The most-recognizable diversity policy in sports is facing the biggest challenge in its history.
Florida Attorney General James Uthmeier, who has been endorsed by President Donald Trump, is calling for the end of the National Football League’s Rooney Rule, a provision that requires teams to interview at least two minority candidates for head coaching jobs. He says the rule “brazenly violates Florida law” and he wants the league to drop enforcement of it by May 1.
Pressure also is building in Washington, where at least two federal agencies have advanced legal arguments over the past four months that may imperil the rule and other policies like it.

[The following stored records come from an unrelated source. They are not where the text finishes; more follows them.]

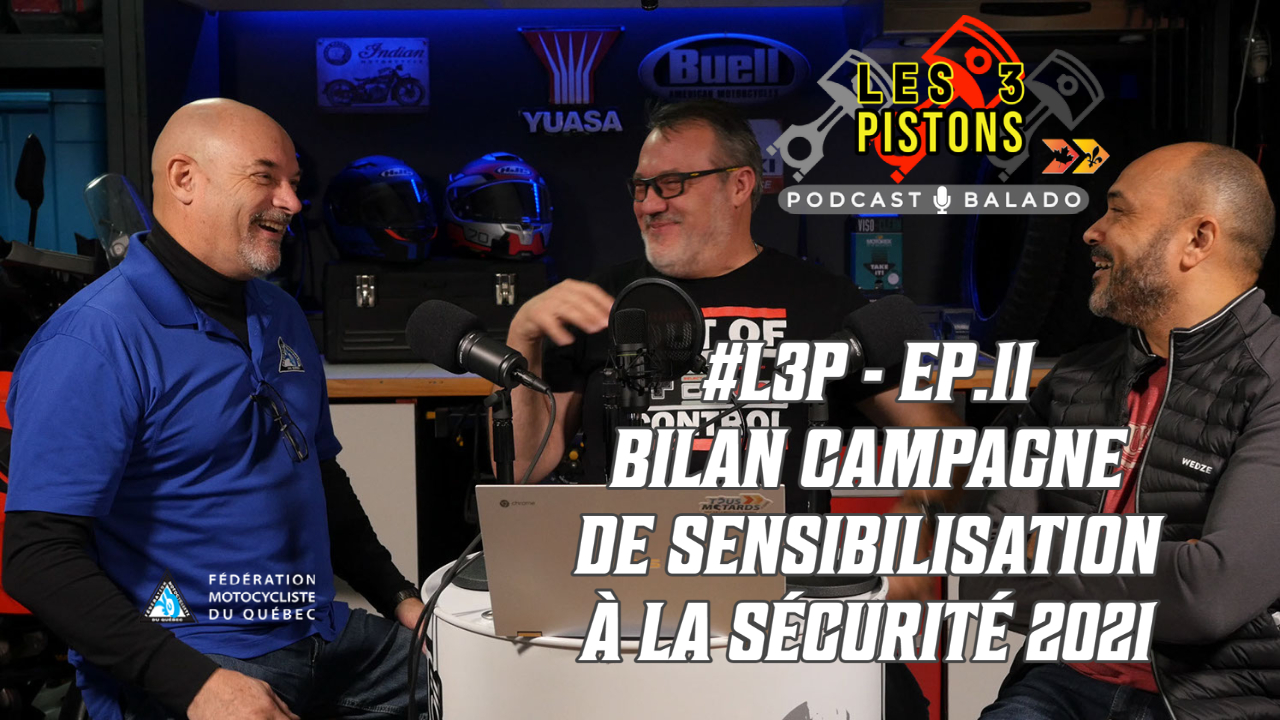 Dans la série #L3P (Les 3 Pistons) offerte en balado, on rencontre le président de la Fédération Motocycliste du Québec, Sylvain Bergeron qui nous livre le bilan de la campagne de sensibilisation à la sécurité routière 2021.
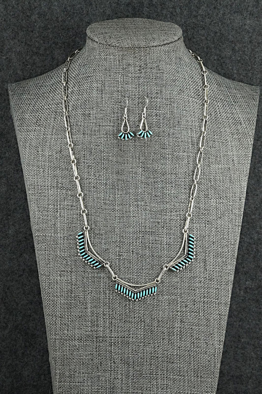 Turquoise & Sterling Silver Necklace and Earrings Set - Mildred Ukestine
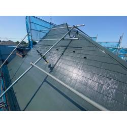 屋根の勾配急なので屋根足場を設置安全な状態で屋根塗装を行っていきます。
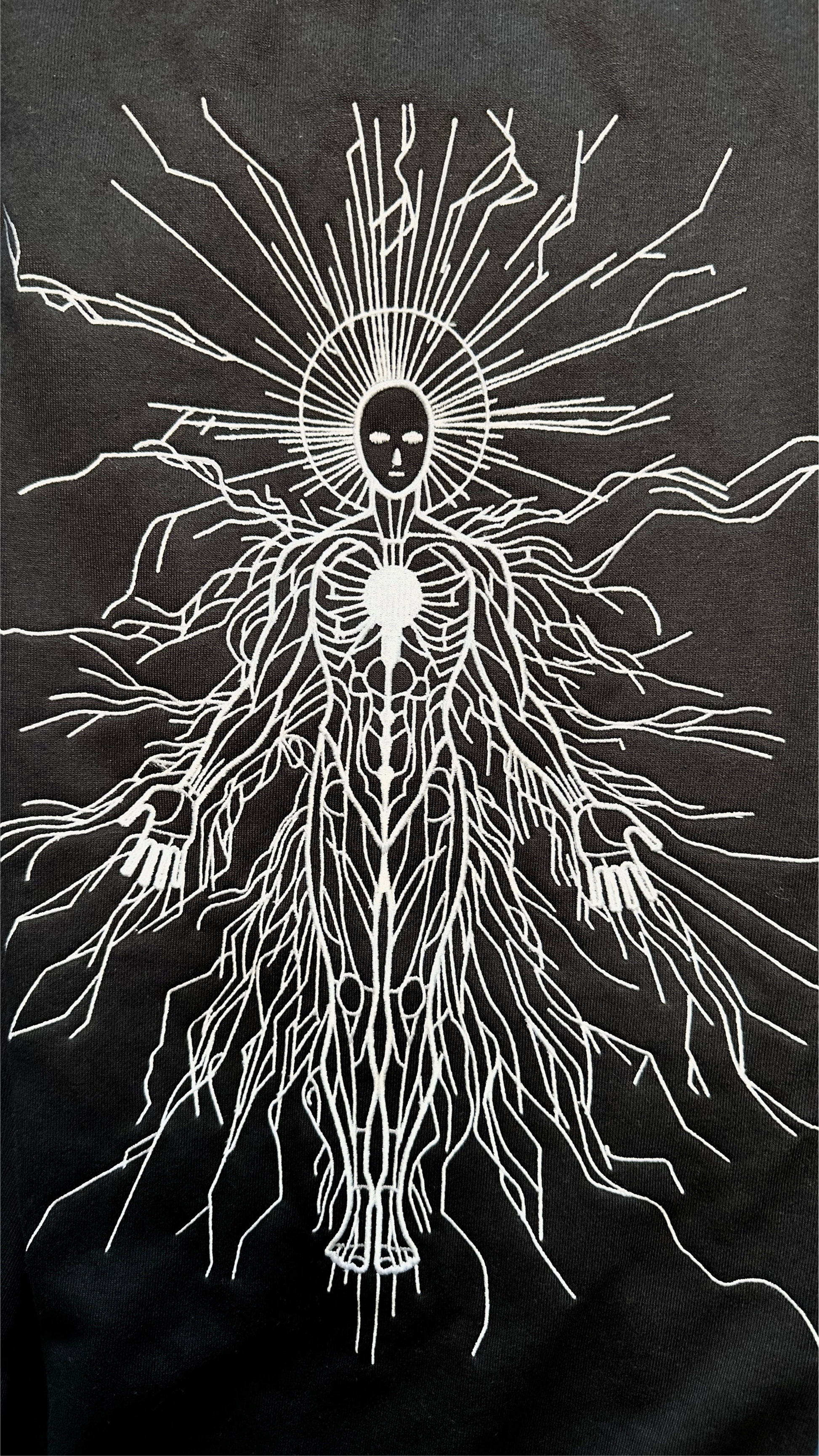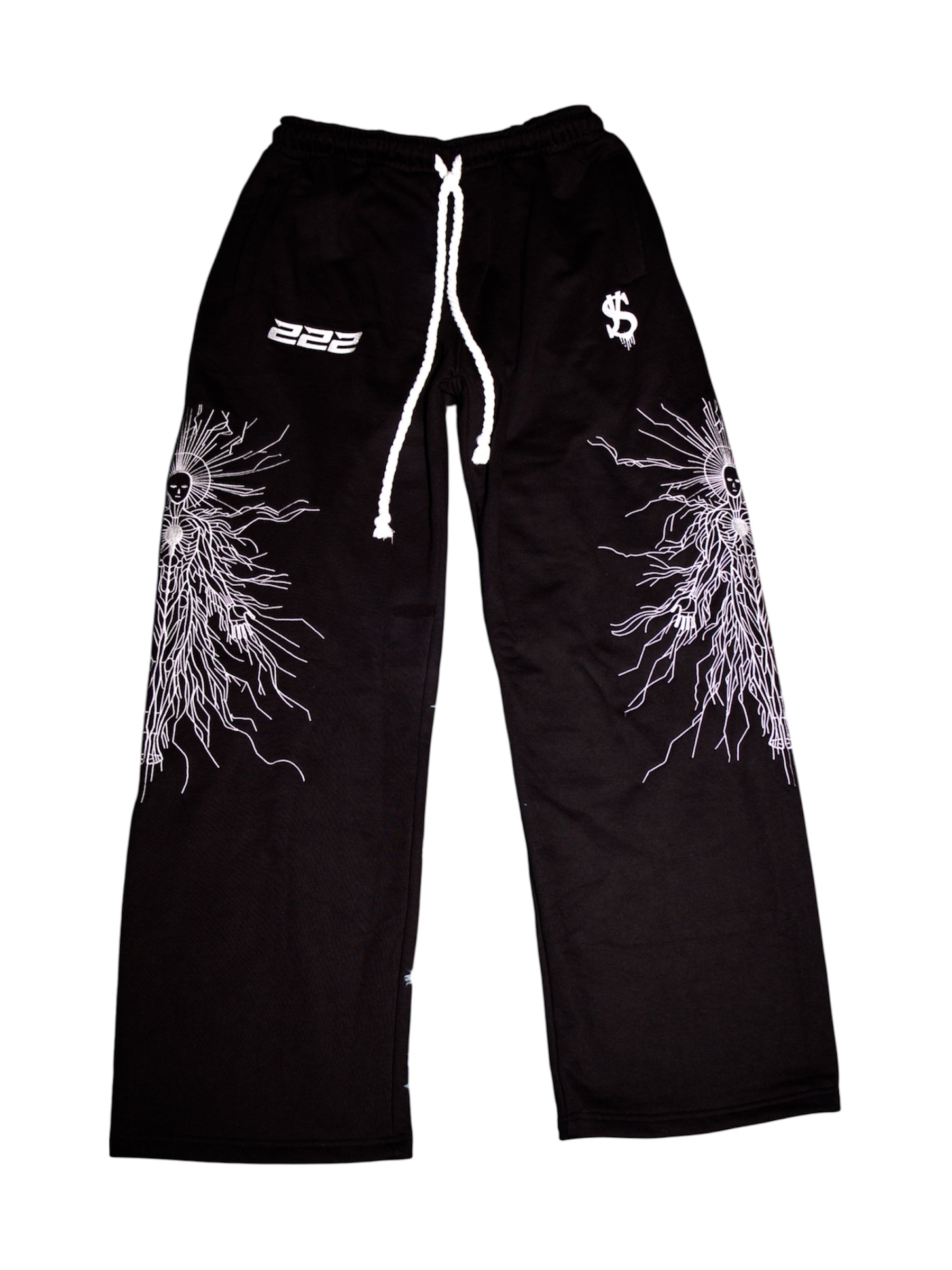 These premium heavyweight sweatpants are made from a blend of cotton and French terry. The drawstring is rope, the logos are all embroidered, and the logos on the side were designed by Ai. Both side pockets are deep with zippers, there is also a back pocket for your wallet.
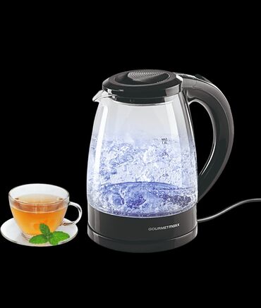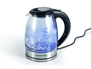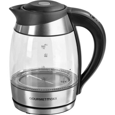 Stakleno električno kuvalo za vodu marke Gourmetmaxx, idealno za brzo zagrevanje vode za čajeve, kafu ili instant napitke. Kuvalo ima prozirno telo od stakla, što omogućava lako praćenje nivoa vode i procesa ključanja. Opremljeno je plavim LED osvetljenjem koje se aktivira tokom rada, dajući elegantan vizuelni efekat. Na kuvalu su jasno vidljive oznake za minimalni i maksimalni nivo vode, sa kapacitetom do 1,7 litara, što ga čini praktičnim za svakodnevnu upotrebu u domaćinstvu.

Until now, the NFL has largely escaped the Trump-led culture war during his second administration even as top universities such as Harvard and Yale and blue-chip companies including Walmart Inc. and International Business Machines Corp. have scaled back their diversity, equity and inclusion efforts. The country’s most popular sport also has avoided the kind of controversy it faced a decade ago, when players led by Colin Kaepernick began kneeling during the national anthem to demonstrate against systemic racism. The dispute intensified after Trump, during his first term, called for the players to be fired.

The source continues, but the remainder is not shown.